- Assignment:
Please, from the entries below, transcribe exactly the lines that begin at the line with "Прослеживается зависимость погибших" and end at the line with "EMBROIDERED LOGO SATIN", without the pictures.

==== Source data

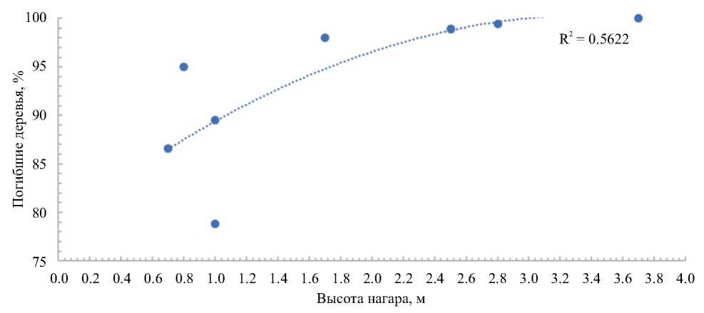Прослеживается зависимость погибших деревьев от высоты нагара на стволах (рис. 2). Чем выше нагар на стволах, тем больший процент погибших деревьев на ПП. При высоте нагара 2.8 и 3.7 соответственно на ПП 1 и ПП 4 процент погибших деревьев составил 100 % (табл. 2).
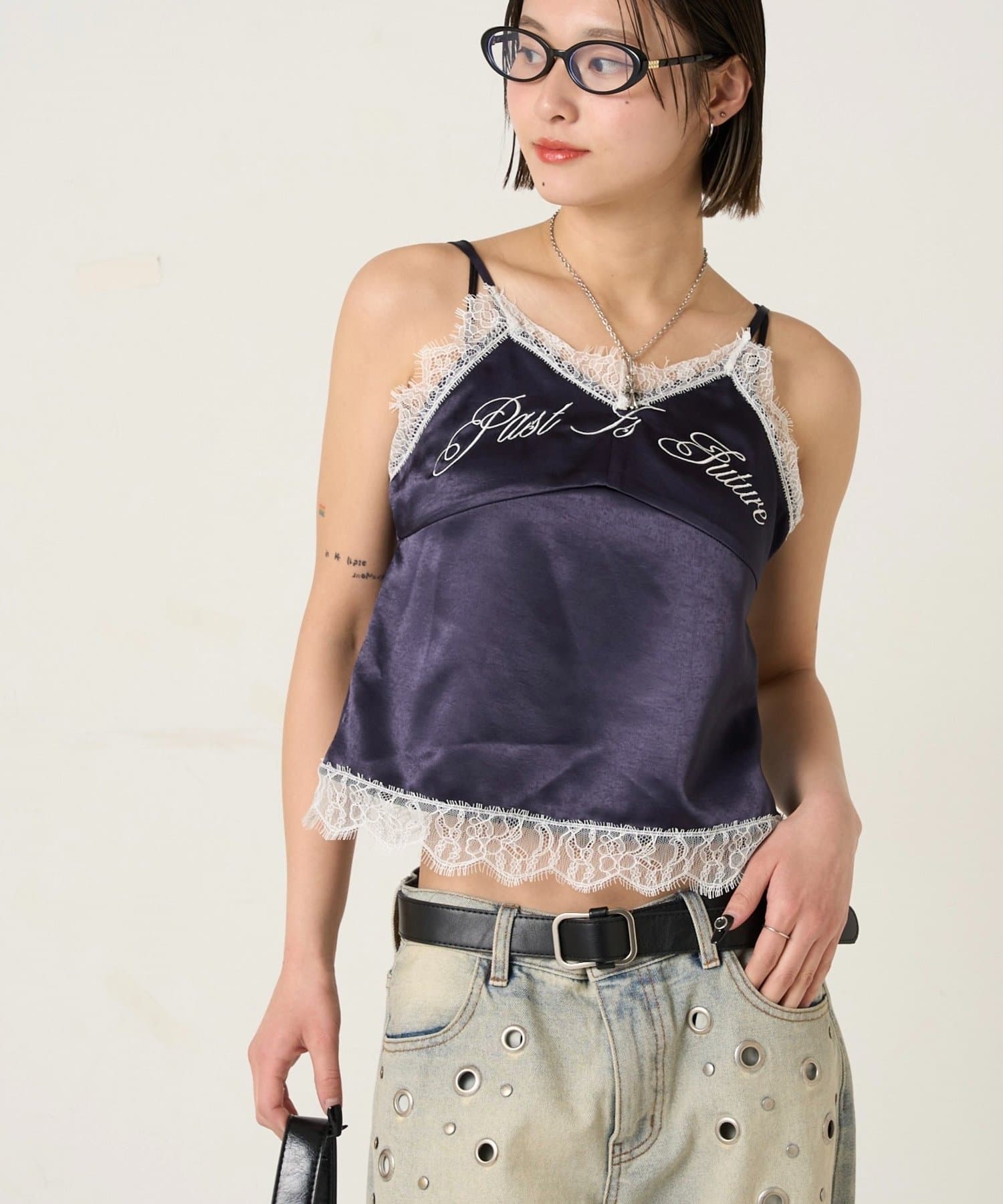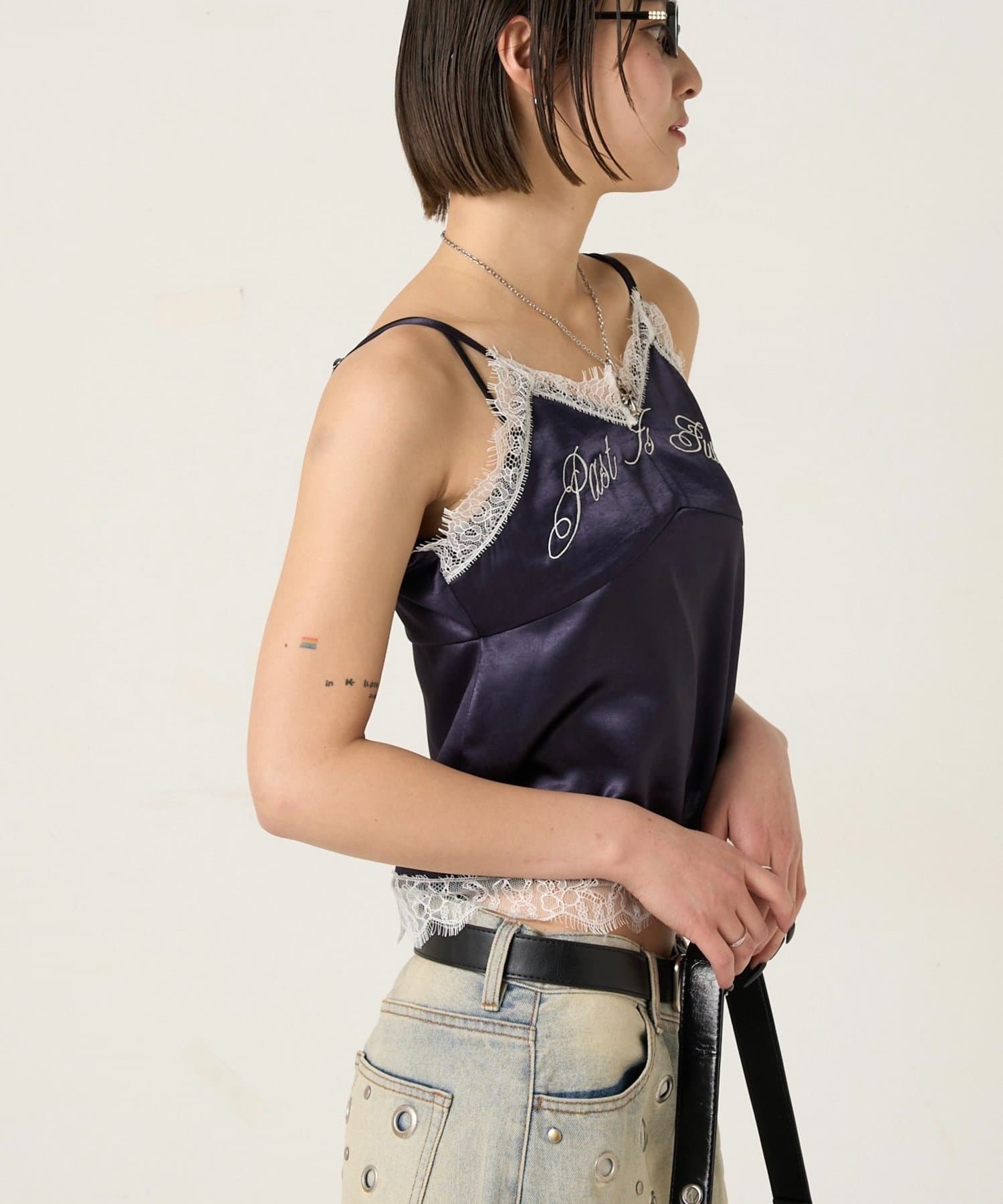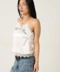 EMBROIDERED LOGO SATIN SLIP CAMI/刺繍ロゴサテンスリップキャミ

========
==== Source data

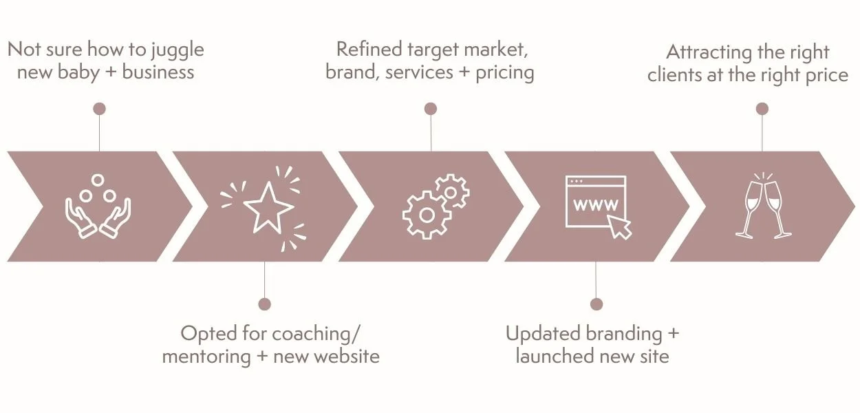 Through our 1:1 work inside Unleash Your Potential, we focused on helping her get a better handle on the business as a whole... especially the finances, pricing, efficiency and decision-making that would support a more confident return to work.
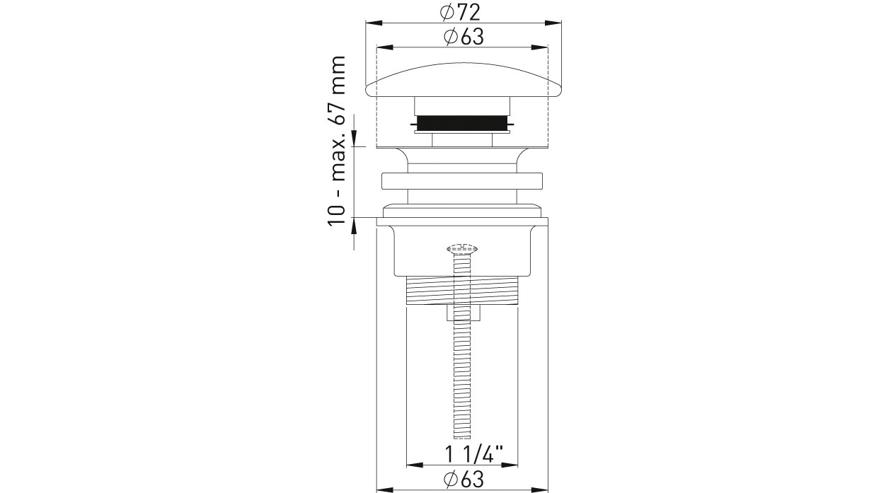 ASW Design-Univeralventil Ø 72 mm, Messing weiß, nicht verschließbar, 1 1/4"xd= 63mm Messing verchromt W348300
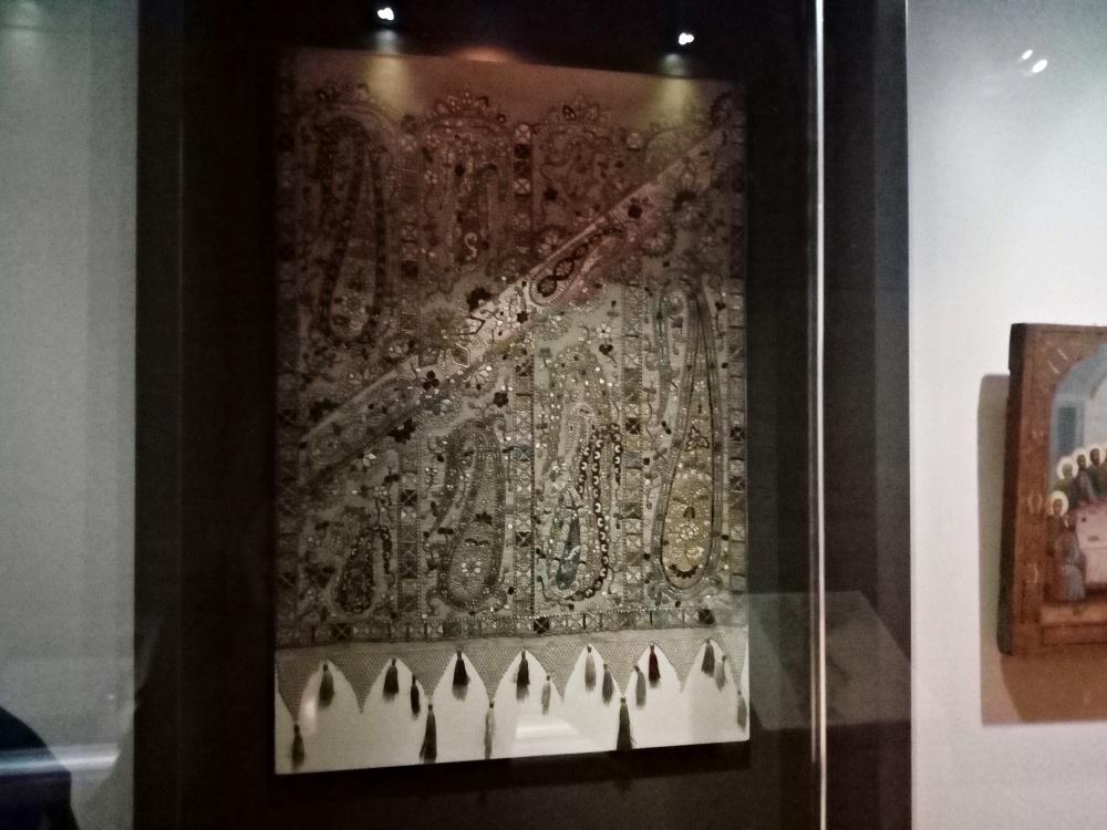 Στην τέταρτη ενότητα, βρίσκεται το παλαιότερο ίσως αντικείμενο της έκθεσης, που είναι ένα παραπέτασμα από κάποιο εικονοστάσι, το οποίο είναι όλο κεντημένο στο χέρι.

========

- Completed task:
Прослеживается зависимость погибших деревьев от высоты нагара на стволах (рис. 2). Чем выше нагар на стволах, тем больший процент погибших деревьев на ПП. При высоте нагара 2.8 и 3.7 соответственно на ПП 1 и ПП 4 процент погибших деревьев составил 100 % (табл. 2).
 EMBROIDERED LOGO SATIN SLIP CAMI/刺繍ロゴサテンスリップキャミ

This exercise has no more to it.